Добавить в цитаты Настройки чтения

Страница 37 из 75

Теперь Франция вынуждена была только своими силами заниматься решением дел в связи с утратой своего исторического превосходства в Европе. Чем безнадежнее становилась ее позиция, тем отчаяннее Наполеон III пытался поправить положение каким-нибудь блестящим ходом, подобно азартному игроку, удваивающему ставку после каждого своего проигрыша. Бисмарк поощрял стремление Наполеона III к нейтралитету во время австро-прусской войны, помахивая перед его носом перспективой территориальных приобретений – вначале в Бельгии, а потом и в Люксембурге. Эти перспективы рассеивались как дым, как только Наполеон III пытался за них ухватиться, поскольку Наполеон III хотел, чтобы эту «компенсацию» ему поднесли на блюде, а Бисмарк не видел причины идти на риски, когда он уже пожинал плоды нерешительности Наполеона III.

Униженный из-за всех этих демонстраций собственного бессилия, а более всего растущим перевесом европейского баланса не в пользу Франции, Наполеон III решил получить компенсацию за просчет, связанный с тем, что он полагался на победу Австрии в австро-прусской войне, выпятив проблему наследования испанского трона, который к тому времени опустел. Он потребовал заверений от прусского короля, что ни один принц из династии Гогенцоллернов (правившей в Пруссии) не будет претендовать на этот престол. Это был еще один пустой жест, способный в лучшем случае принести успех престижного характера, но не имеющий никакого отношения к силовому соперничеству в Центральной Европе.

Никто не мог никогда переиграть Бисмарка в сфере постоянно меняющейся дипломатии. При помощи одного из своих самых ловких ходов Бисмарк воспользовался рисовкой Наполеона III, чтобы хитростью вынудить его объявить в 1870 году войну Пруссии. Французское требование к прусскому королю объявить об отказе любого из членов его семьи от претензий на испанскую корону было, по сути, провокационным. Но величественный старый король Вильгельм, вместо того чтобы выйти из себя, предпочел терпеливо и корректно давать отказ французскому послу, направленному для того, чтобы получить такое обещание. Король послал описание этой истории Бисмарку, тот отредактировал телеграмму монарха, изъяв из нее весь текст, свидетельствующий о терпимости короля и соблюдении всех правил приличия, с которыми король на самом деле отнесся к французскому послу[147]. Бисмарк, значительно опередив свое время, прибег тогда к приему, который государственные деятели последующих поколений превратили в своего рода искусство: он обеспечил утечку в прессу текста этой так называемой «Эмсской депеши». Отредактированная версия телеграммы короля выглядела как королевский выговор Франции. Взбешенная французская общественность потребовала войны, и Наполеон III пошел ей навстречу.

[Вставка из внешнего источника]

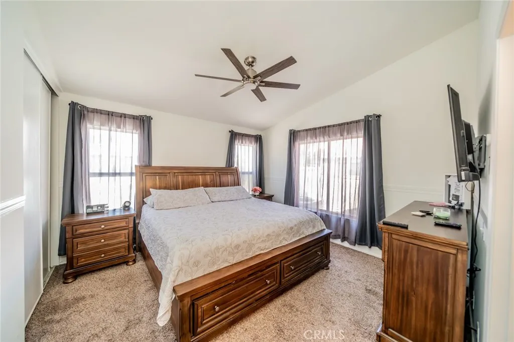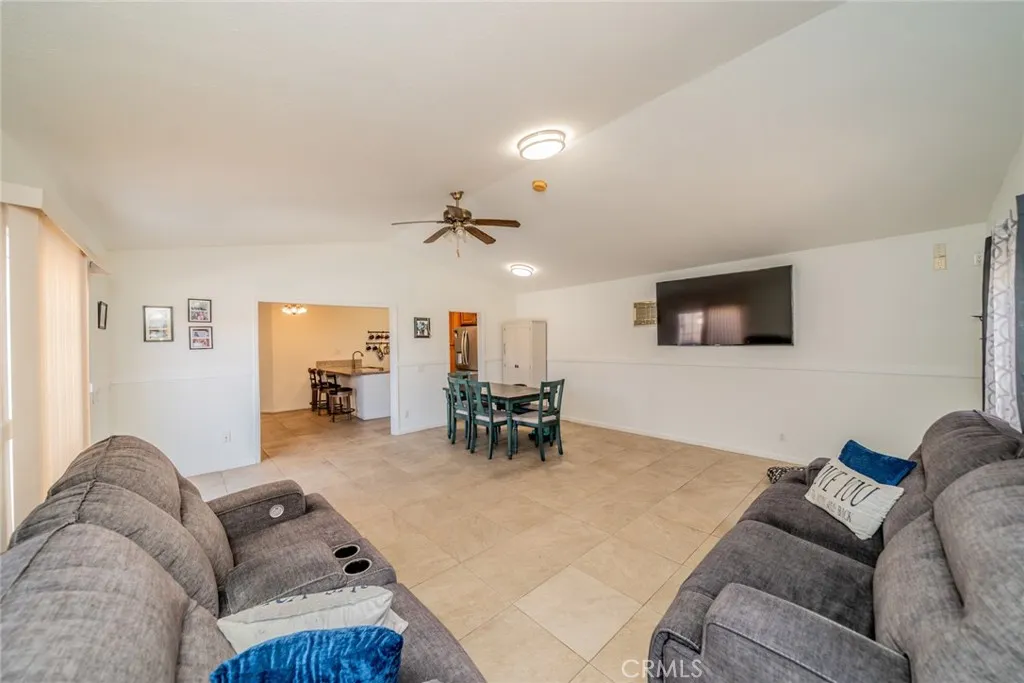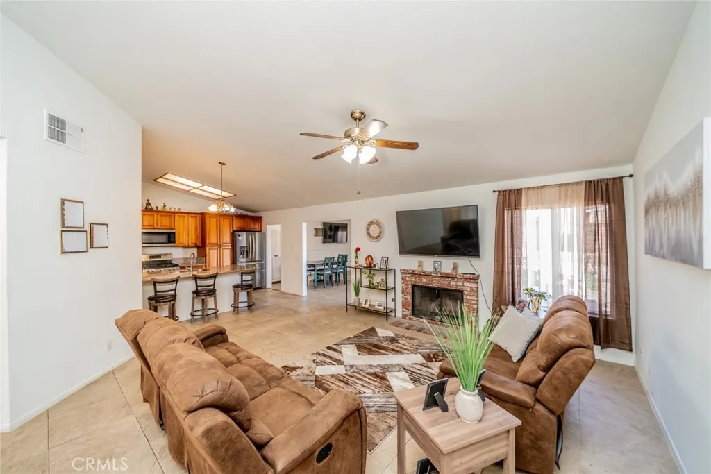 Come have fun in the desert sun at this beautiful 3-bedroom, 2-bath sparkling pool home offering space, comfort, and fantastic entertaining potential. A Spanish tile roof and welcoming pergola greet you at the entrance, creating a warm first impression. Inside, youll find gorgeous tile flooring throughout the main living areas, carpeted bedrooms, vaulted ceilings, and a bright open floor plan connecting the entry, living room, dining area, and kitchen. The living room features a charming brick fireplace, perfect for cozy mornings, relaxing evenings, and family gatherings. The kitchen offers granite countertops and a convenient breakfast counter. An extra special feature is the approx. 400 sq. ft. bonus/game room with backyard accessideal for watching the big game, playing billiards, or even creating a potential ADU for extended family or added income. Step outside to enjoy plenty of patio space for gatherings, barbecues, and pool parties, along with a sparkling heated in-ground pool and spa. The yard also features a grassy area and an adorable playhouse that can double as storage. Conveniently within walking distance to a school and park, plus RV parking, a two-car garage, and an assumable solar system to help save on energy costs. Come see for yourselfschedule your private showing today!!! Sellers are ready to move!

Пруссия победила быстро и решительно при содействии всех других германских государств. Теперь был открыт путь к окончательному объединению Германии, которое и было довольно бестактно объявлено прусским руководством 18 января 1871 года в Зеркальном зале Версальского дворца.

Наполеон III запустил революцию, к которой стремился, хотя ее последствия оказались совершенно противоположны тому, что он замышлял. Карта Европы действительно оказалась перекроена, но это новое переустройство бесповоротно снизило французское влияние, не принеся императору славы, которой он так жаждал.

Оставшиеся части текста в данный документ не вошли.